Pour recueillir des informations sur Camus, Elisabeth Daguin se déplace à Lourmarin, village de Provence où l´écrivain avait acheté une maison avec l´argent qu´il avait gagné en remportant le Prix Nobel, une maison devenue un havre de paix où il aurait eu la sérénité nécessaire pour écrire ses fictions ou ses essais, en compagnie quand même de sa femme Francine et des enfants. C'est dans le cimetière local d'ailleurs qu'il est enterré. En découvrant sa tombe, Elisabeth est frappée par la simplicité de la sépulture. Aucune épitaphe, seulement un nom et les deux dates qui encadrent une vie comme «gravées sur la stèle par une main d'enfant ». Elisabeth connaît entre-temps Paulette, une figure de Lourmarin qui lui donne son témoignage sur Camus : «Je les aimais bien moi, les Camus. Ce village, c'était leur refuge. Albert disait qu´il avait besoin de solitude, d'être loin de Paris pour travailler. Il écrivait debout derrière son bureau, face au Lubéron, et venait souvent prendre un café, parfois avec des amis, comme René Char, qui habite pas loin, à l’Isle-sur-la-Sorgue, ou avec son ancien professeur algérois, Jean Grenier. Parfois, ils restaient pour dîner et alors ils passaient la soirée sur cette terrasse à refaire le monde. Je m'asseyais avec eux à la fin de mon service et on trinquait à la vie, à l´amour et à l´amitié, c'était joyeux et léger. Sa femme, Francine, venait un peu moins au café et, depuis la mort d´Albert, on la croise seulement pendant les vacances, avec les enfants.
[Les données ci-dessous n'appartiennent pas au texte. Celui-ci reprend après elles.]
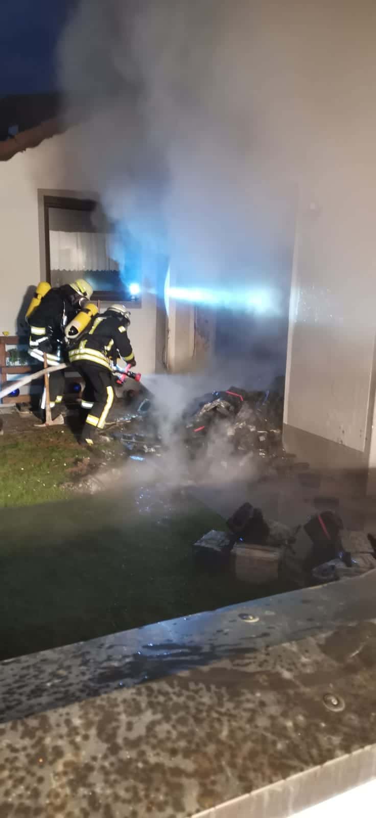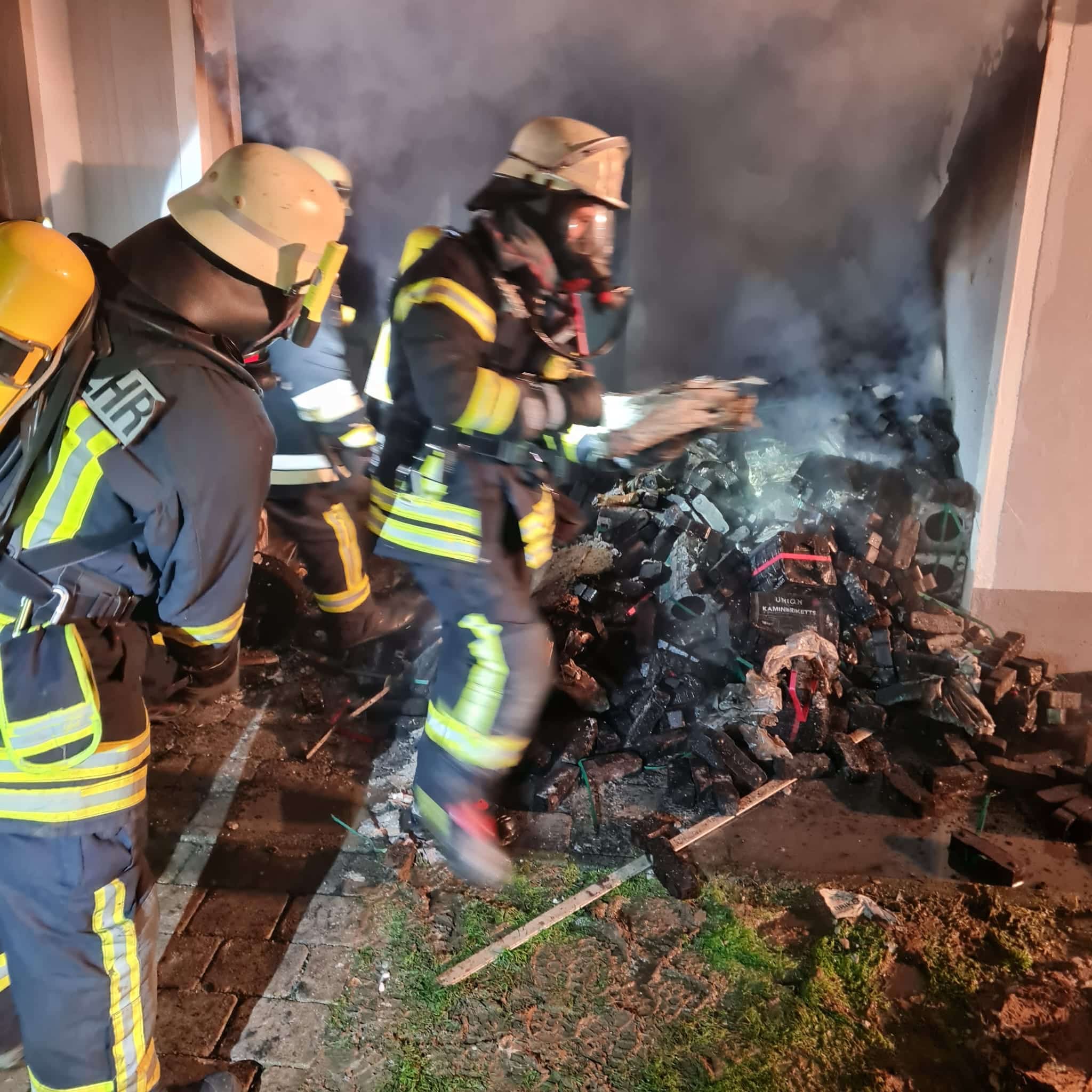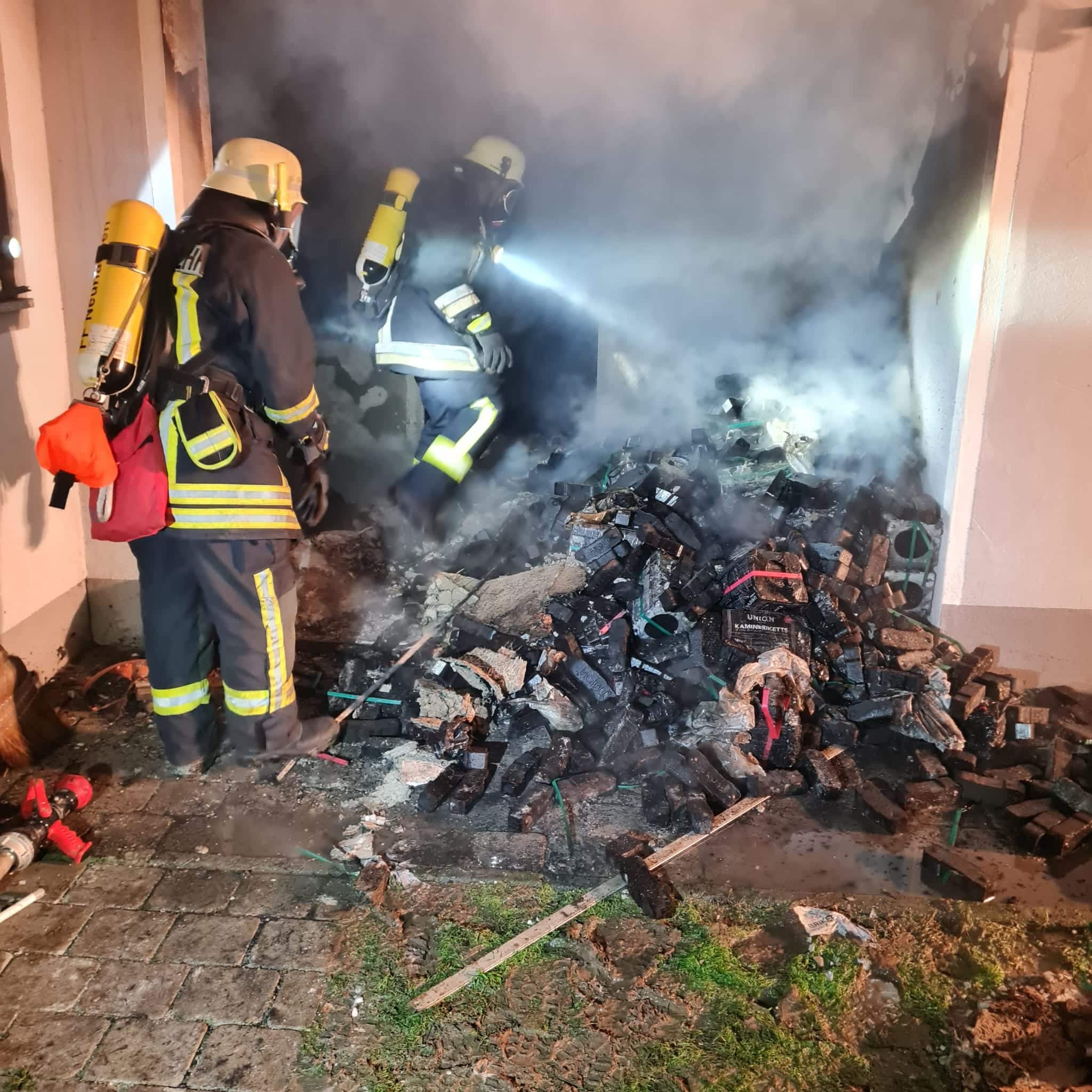 Die am Gebäude gelagerte Kohle zum Heizen brannte zum Teil bereits mit offener Flamme und starker Glutbildung. Diese wurde unter Atemschutz umgelagert und abgelöscht. Zur Sicherung gegen Wiederentzündung wurde diese anschließend mit ausreichend Löschschaum abgedeckt.

La pauvre, elle fait peine à voir…».

C'est justement un des amis les plus proches de Camus, le poète René Char, qu´Elisabeth essaie de rencontrer, mais celui-ci lui répond par une lettre déclinant le rendez-vous et lui suggérant de parler avec un autre ami de Camus, Louis Guilloux.   


Louis Guilloux   

Elisabeth lit les livres de Louis Guilloux et fait le déplacement à Saint-Brieuc où l´écrivain habite presque tout le temps (sauf quand il doit séjourner à Paris où il a un petit appartement). Arrivée donc en Bretagne, Elisabeth rencontre un homme réservé qui se méfie des journalistes. Néanmoins, au fil de leurs échanges, elle découvre un homme charmant, fraternel et solidaire pour qui la littérature et la vie sont de véritables écoles d´amitié. Un homme qui avait raté d´un cheveu le Goncourt en 1935 avec son magnifique roman Le sang noir, qui avait remporté le Renaudot en 1949 avec Le jeu de patience, et le Grand Prix de l´Académie Française en 1973 pour l´ensemble de son œuvre. Enfin, un homme qui avait intégré le voyage des écrivains français en URSS avec André Gide en 1936 et avait aidé les réfugiés républicains espagnols lors de La Guerre d´Espagne. Donc, il n´était pas vraiment dans l´ombre, contrairement à ce que l´on pensait souvent. Quoi qu´il en soit, il reconnaissait, comme il a dit une fois à Elisabeth, qu´il lui aurait fallu faire un pas de plus pour atteindre le sommet : « J´ai eu de la chance, mais surtout des amis. Si je devais résumer ma vie, je dirais que j´ai eu le même parcours que Raymond Poulidor. Lui et moi, on a raté le maillot jaune de peu ».  La sagesse de Louis Guilloux offrira à Elisabeth la clé pour se réconcilier avec son passé. À son tour, elle l´aidera à retrouver un amour perdu. 

L´ami Louis de Sylvie Le Bihan est un roman émouvant qui ne peut qu'éblouir tous ceux qui font de l´amitié une patrie. 

Sylvie Le Bihan, L´ami Louis, éditions Denoël, Paris, août 2025.